Short-Range Dependency Effects on Transformer Instability and a Decomposed Attention Solution
Suvadeep Hajra
TL;DR
This work identifies training instability in transformer models as stemming from self-attention’s difficulty in modeling dense local dependencies, which leads to logit explosion in the pre-softmax layer. It introduces Long Short-attention (LS-attention), a decomposed attention mechanism that merges short-range local heads with a small number of long-range global heads, achieving improved training stability and inference efficiency. Empirical results on long-sequence language modeling show LS-attention reduces perplexity faster and with far less GPU time than two stabilization baselines, and provides substantial latency savings over state-of-the-art MHSA implementations on long sequences.
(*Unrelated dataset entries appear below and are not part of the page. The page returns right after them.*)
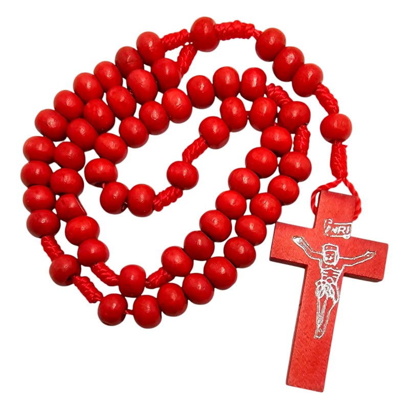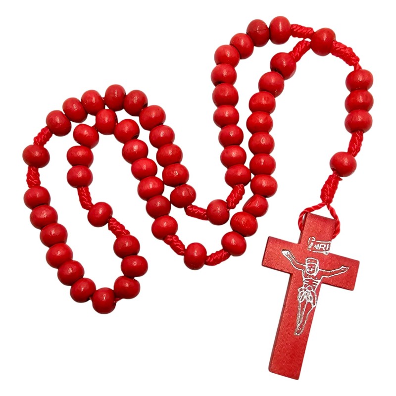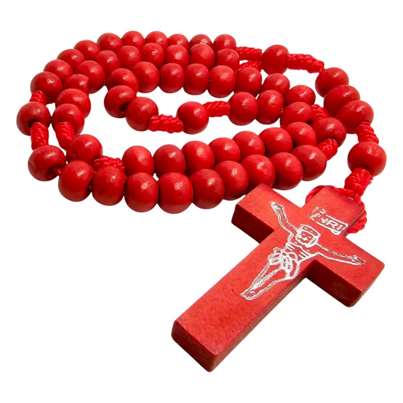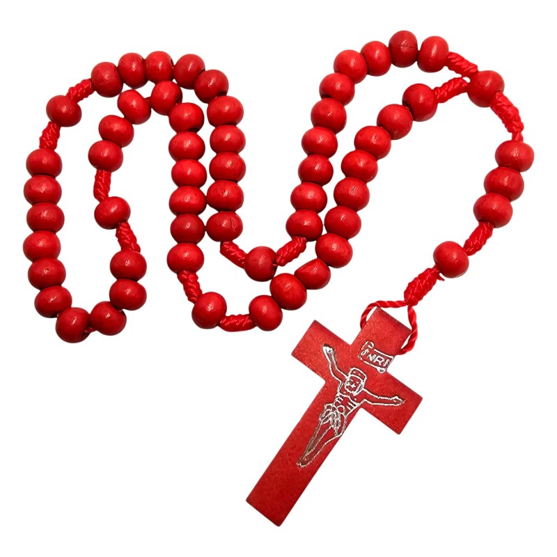 Wyrazisty różaniec wykonany z naturalnego drewna w intensywnym czerwonym kolorze. Jego długość wynosi 28 cm, a koraliki mają średnicę 7 mm, co sprawia, że jest poręczny i wygodny do modlitwy. Centralnym elementem różańca jest prosty, drewniany krzyż o wymiarach 42x24 mm, który nadaje mu charakterystycznego wyglądu. Koraliki połączone są trwałym, kolorowym sznurkiem. Ten pełen pasji kolor i naturalny materiał czynią ten różaniec wyjątkowym przedmiotem wiary i modlitwy.
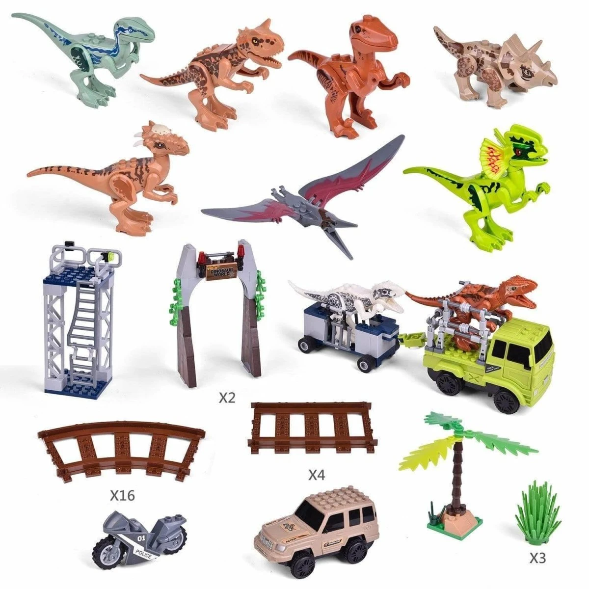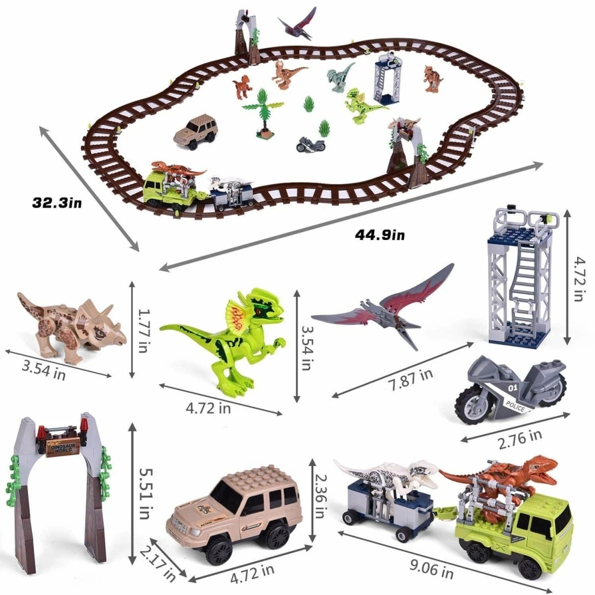 - Building Blocks: DIY dinosaur-themed railway track set that contains 385 pieces of building blocks. Recommended for kids ages 6 & up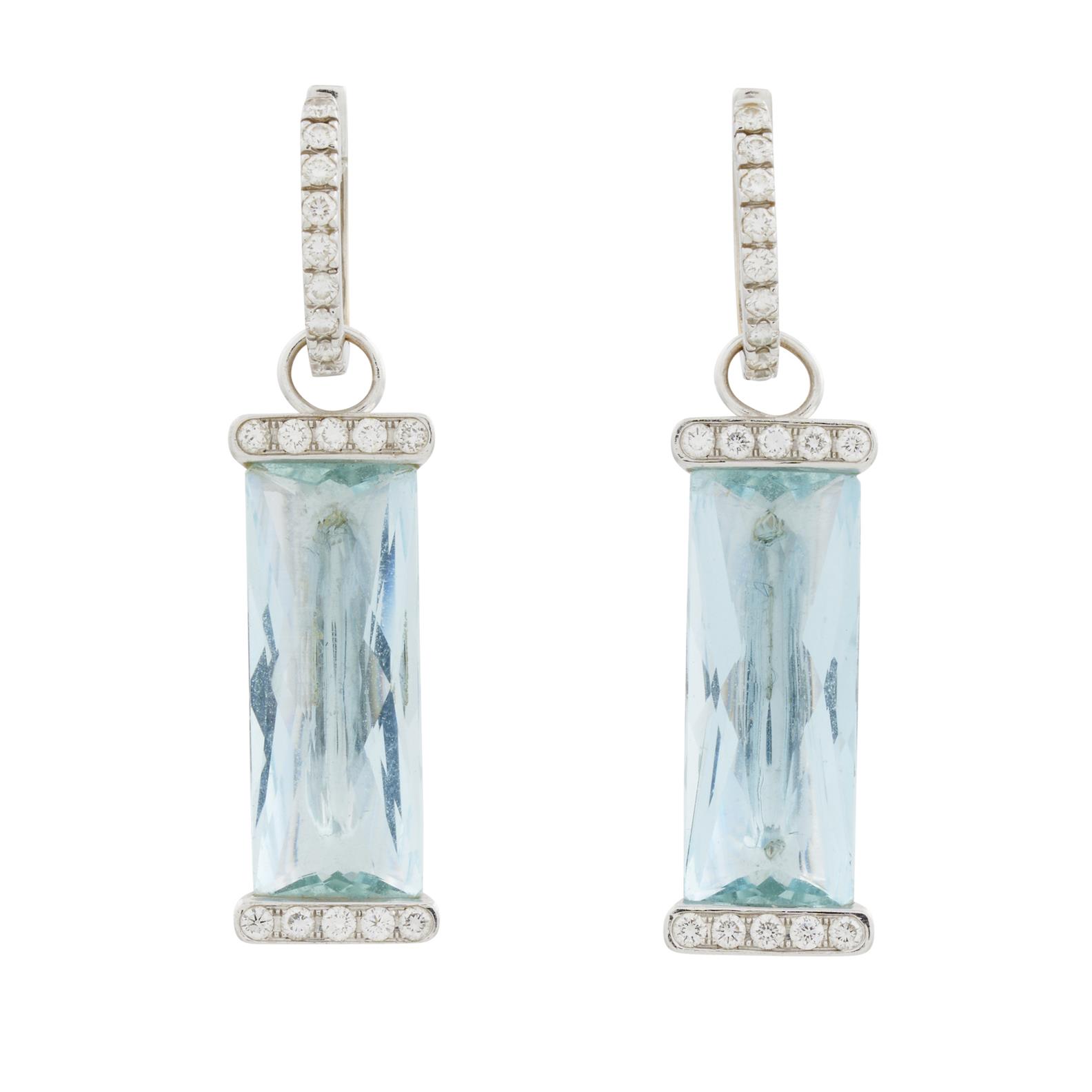 Comprised of a micro claw-set diamond huggie earring from which is suspended a pair of pendant drops consisting of tension set rectangular scissor cut elongated natural aquamarine gemstones flanked at either end by a grain set diamond bar, length approximately 40mm, gross weight approximately 10.0 grams.

The approach has practical implications for stable, scalable pretraining of autoregressive transformers on long inputs, with potential applicability to tasks requiring robust local and global dependency modeling.
Abstract
Transformer language models have driven significant progress across various fields, including natural language processing and computer vision. A central component of these models is the self-attention (SA) mechanism, which learns rich vector representations of tokens by modeling their relationships with others in a sequence. However, despite extensive research, transformers continue to suffer from training instability -- often manifesting as spikes or divergence in the training loss during a run. In this work, we identify one source of this instability: SA's limited ability to capture short-range dependencies, especially in tasks like language modeling, where almost every token heavily relies on its nearby neighbors. This limitation causes the pre-softmax logits of SA to grow rapidly, destabilizing training. To address this, we propose decomposing the SA into local (short-range) and global (long-range) attention heads. This decomposed attention, referred to as Long Short-attention (LS-attention), mitigates logit explosion and results in more stable training compared to an equivalent multi-head self-attention (MHSA). Empirical comparisons with two alternative training stabilization methods show that LS-attention reduces the validation perplexity to nearly 2/5 of that achieved by one method and reaches a similar perplexity as the other method using only 1/20 of the GPU hours. Additionally, our experiments demonstrate that LS-attention reduces inference latency by up to 36% compared to a state-of-the-art implementation of equivalent MHSA.